- **Data records**
▬▬▬

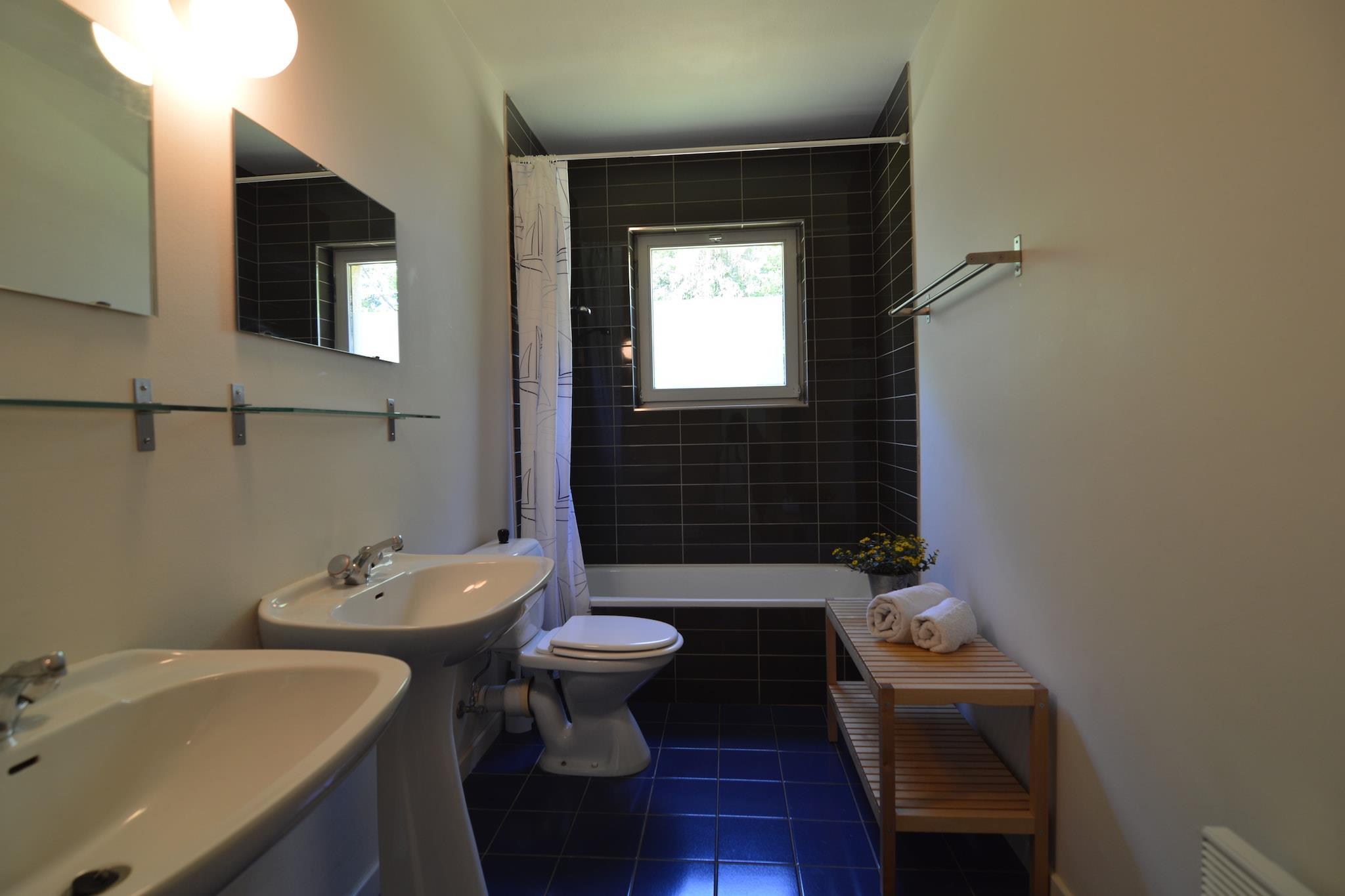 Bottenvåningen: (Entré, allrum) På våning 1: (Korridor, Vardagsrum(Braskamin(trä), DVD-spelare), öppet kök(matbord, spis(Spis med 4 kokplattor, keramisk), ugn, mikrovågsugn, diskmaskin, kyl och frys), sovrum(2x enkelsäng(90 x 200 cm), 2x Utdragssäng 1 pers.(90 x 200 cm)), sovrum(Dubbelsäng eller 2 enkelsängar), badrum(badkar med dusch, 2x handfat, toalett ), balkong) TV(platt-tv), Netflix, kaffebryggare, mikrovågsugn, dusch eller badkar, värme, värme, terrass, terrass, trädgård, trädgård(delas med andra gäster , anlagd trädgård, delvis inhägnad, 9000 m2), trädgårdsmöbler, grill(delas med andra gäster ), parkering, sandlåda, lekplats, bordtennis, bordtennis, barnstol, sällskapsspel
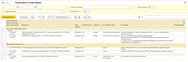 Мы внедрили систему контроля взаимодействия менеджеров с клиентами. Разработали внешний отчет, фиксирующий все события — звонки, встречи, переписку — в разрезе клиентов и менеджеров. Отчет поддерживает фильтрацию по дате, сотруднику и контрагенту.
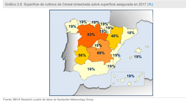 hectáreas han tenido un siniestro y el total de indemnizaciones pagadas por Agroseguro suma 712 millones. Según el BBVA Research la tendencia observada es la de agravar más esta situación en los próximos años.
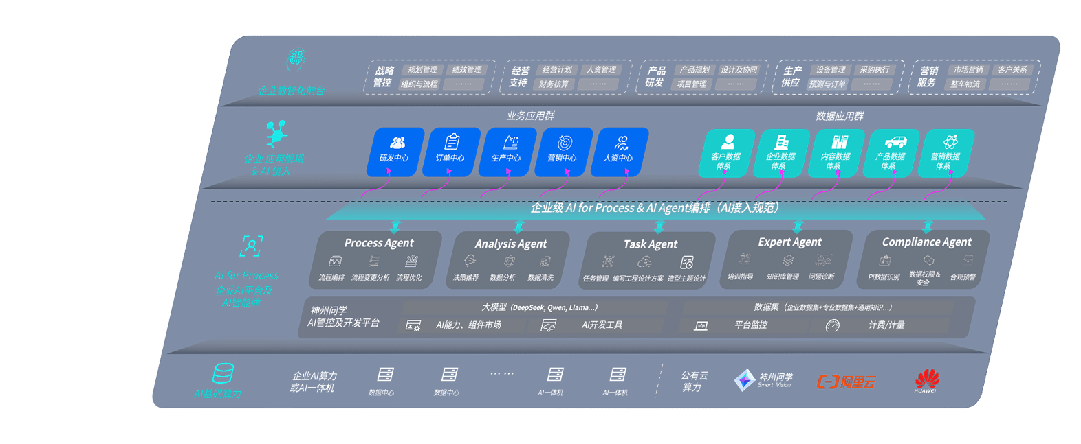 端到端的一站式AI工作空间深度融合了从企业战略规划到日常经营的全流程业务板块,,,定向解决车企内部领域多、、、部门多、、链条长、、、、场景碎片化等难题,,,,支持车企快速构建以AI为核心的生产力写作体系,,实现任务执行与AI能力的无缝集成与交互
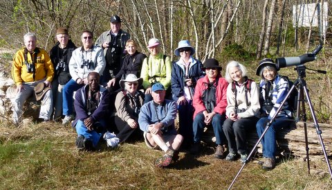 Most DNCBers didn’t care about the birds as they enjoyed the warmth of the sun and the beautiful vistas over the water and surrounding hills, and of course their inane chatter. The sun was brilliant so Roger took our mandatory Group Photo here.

▬▬▬

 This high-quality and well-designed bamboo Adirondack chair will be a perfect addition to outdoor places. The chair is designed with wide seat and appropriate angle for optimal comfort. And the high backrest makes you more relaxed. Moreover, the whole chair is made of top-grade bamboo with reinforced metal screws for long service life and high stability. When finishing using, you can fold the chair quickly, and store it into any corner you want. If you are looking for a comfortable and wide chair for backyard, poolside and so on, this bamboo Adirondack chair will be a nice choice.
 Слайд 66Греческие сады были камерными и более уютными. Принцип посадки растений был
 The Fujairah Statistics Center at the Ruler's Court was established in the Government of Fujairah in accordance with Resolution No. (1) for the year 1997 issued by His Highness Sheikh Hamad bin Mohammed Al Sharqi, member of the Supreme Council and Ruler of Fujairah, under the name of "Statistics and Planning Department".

▬▬▬

- **What you should do**
Keep to the lines above from the line with "hectáreas han tenido" to the line with "Most DNCBers didn’t", and set down exactly those, inclusive, with nothing else and every picture left out.

- **Output for this exercise**
 hectáreas han tenido un siniestro y el total de indemnizaciones pagadas por Agroseguro suma 712 millones. Según el BBVA Research la tendencia observada es la de agravar más esta situación en los próximos años.
 端到端的一站式AI工作空间深度融合了从企业战略规划到日常经营的全流程业务板块,,,定向解决车企内部领域多、、、部门多、、链条长、、、、场景碎片化等难题,,,,支持车企快速构建以AI为核心的生产力写作体系,,实现任务执行与AI能力的无缝集成与交互
 Most DNCBers didn’t care about the birds as they enjoyed the warmth of the sun and the beautiful vistas over the water and surrounding hills, and of course their inane chatter. The sun was brilliant so Roger took our mandatory Group Photo here.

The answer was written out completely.